* [Task details] Every line of the data below should be retyped exactly, with no images carried over.

* [Data provided]
- Opening Delimiter -

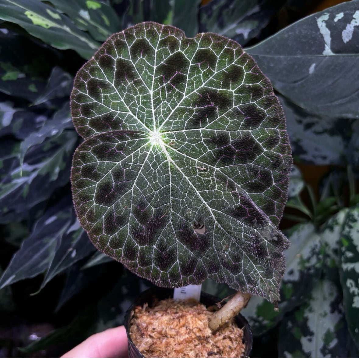 雷の学名を持つ、蜘蛛の巣状の模様が大変美しい人気の球根性ベゴニアです。一度休眠すると次に発芽させるのが難しいためなかなか出回りませんが、葉挿しや挿し木をすることで通年維持することができます。
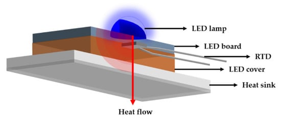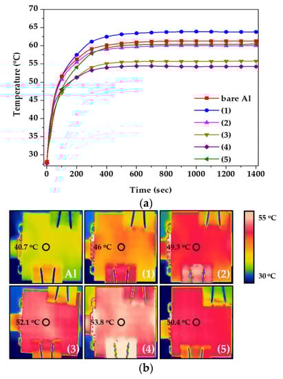 Finally, the heat dissipation performance was evaluated via practical application, and the results are shown in Figure 8. An LED module was applied for the test, and the temperature of the RTD and the surface of the heat sink was evaluated, as shown in Figure 1. Figure 8a measured the temperature between LED and heat sink, and Figure 8b was the temperature of the heat sink surface. Therefore, as more heat was transferred to the outside through the heat sink, the temperature between LED and heat sink decreased and the surface temperature increased. The RTD temperature was measured in real time until the temperature was stabilized for 1400 s. When the tin-sulfuric acid was applied to the heat sink, it had the lowest temperature value compared to the other specimens (Figure 8a), and the surface temperature had the highest value (Figure 8b). These results indicate that the movement of heat from the inside to the outside was faster than that of other LED modules because of the improvement of the heat dissipation performance, suggesting that a large amount of heat was concentrated in the heat sink and dissipated [25,26]. From a long-term perspective, the lifetime of the LED could be extended when using a tin-sulfuric acid heat sink.
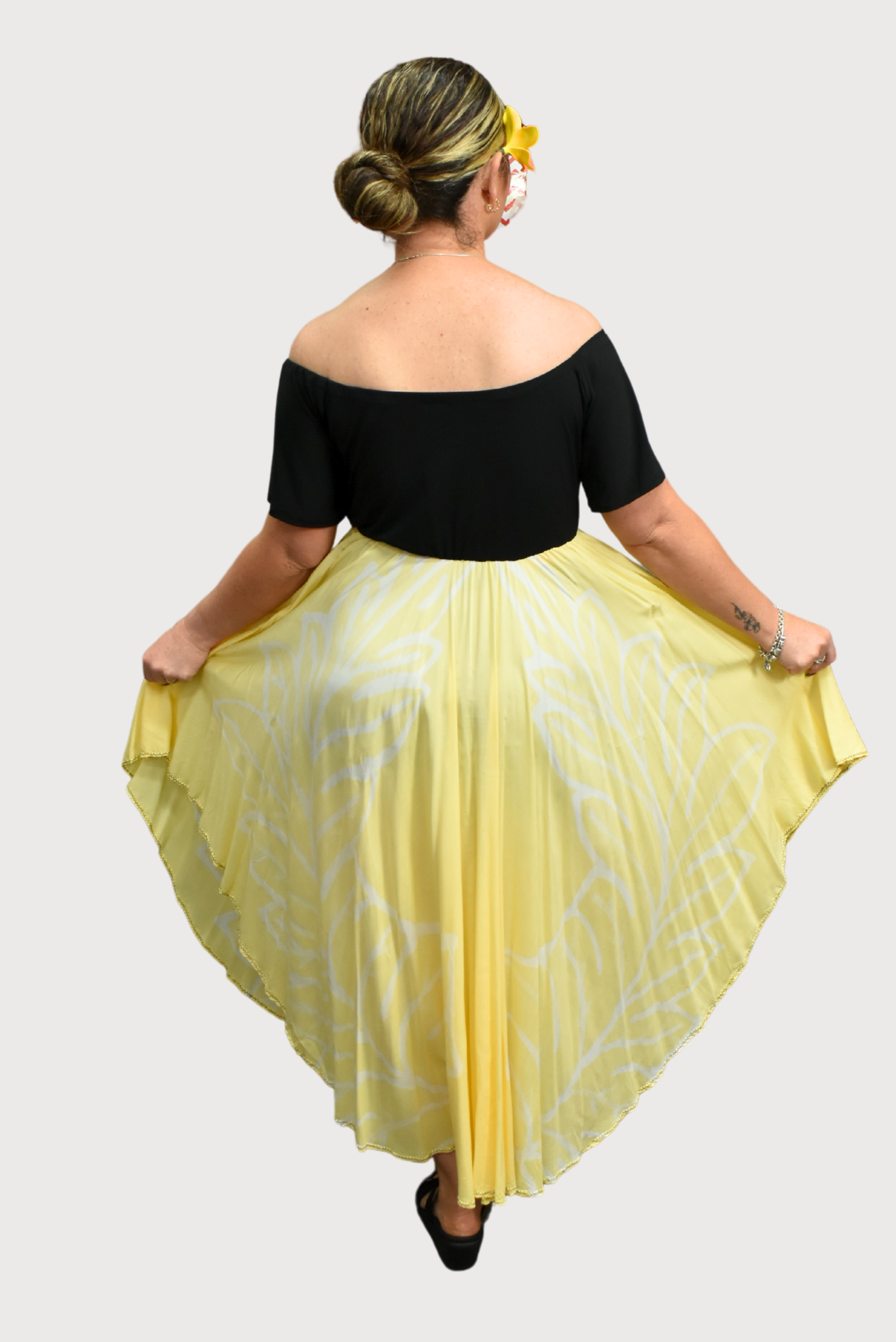 BLACK & YELLOW HIGH WAISTED DRESS - SIZE 14
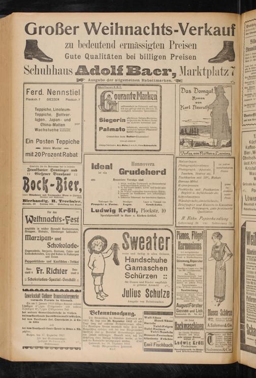 D>e am 2. Januar 1913 fälligen Kupons unserer I.stelligen 4%igeu Obligationen und unserer Il.stelligen 41/2%igcn Obltgaiioncn sind bei unserer Gcwcrtschaftskasse in Gießen, bei demBankhansc FacobGriincmald inGicßen, bei dem Bankhausc Zat. Oppenheim jr. & Co- in

- Closing Delimiter -

* [Answer]
 雷の学名を持つ、蜘蛛の巣状の模様が大変美しい人気の球根性ベゴニアです。一度休眠すると次に発芽させるのが難しいためなかなか出回りませんが、葉挿しや挿し木をすることで通年維持することができます。
 Finally, the heat dissipation performance was evaluated via practical application, and the results are shown in Figure 8. An LED module was applied for the test, and the temperature of the RTD and the surface of the heat sink was evaluated, as shown in Figure 1. Figure 8a measured the temperature between LED and heat sink, and Figure 8b was the temperature of the heat sink surface. Therefore, as more heat was transferred to the outside through the heat sink, the temperature between LED and heat sink decreased and the surface temperature increased. The RTD temperature was measured in real time until the temperature was stabilized for 1400 s. When the tin-sulfuric acid was applied to the heat sink, it had the lowest temperature value compared to the other specimens (Figure 8a), and the surface temperature had the highest value (Figure 8b). These results indicate that the movement of heat from the inside to the outside was faster than that of other LED modules because of the improvement of the heat dissipation performance, suggesting that a large amount of heat was concentrated in the heat sink and dissipated [25,26]. From a long-term perspective, the lifetime of the LED could be extended when using a tin-sulfuric acid heat sink.
 BLACK & YELLOW HIGH WAISTED DRESS - SIZE 14
 D>e am 2. Januar 1913 fälligen Kupons unserer I.stelligen 4%igeu Obligationen und unserer Il.stelligen 41/2%igcn Obltgaiioncn sind bei unserer Gcwcrtschaftskasse in Gießen, bei demBankhansc FacobGriincmald inGicßen, bei dem Bankhausc Zat. Oppenheim jr. & Co- in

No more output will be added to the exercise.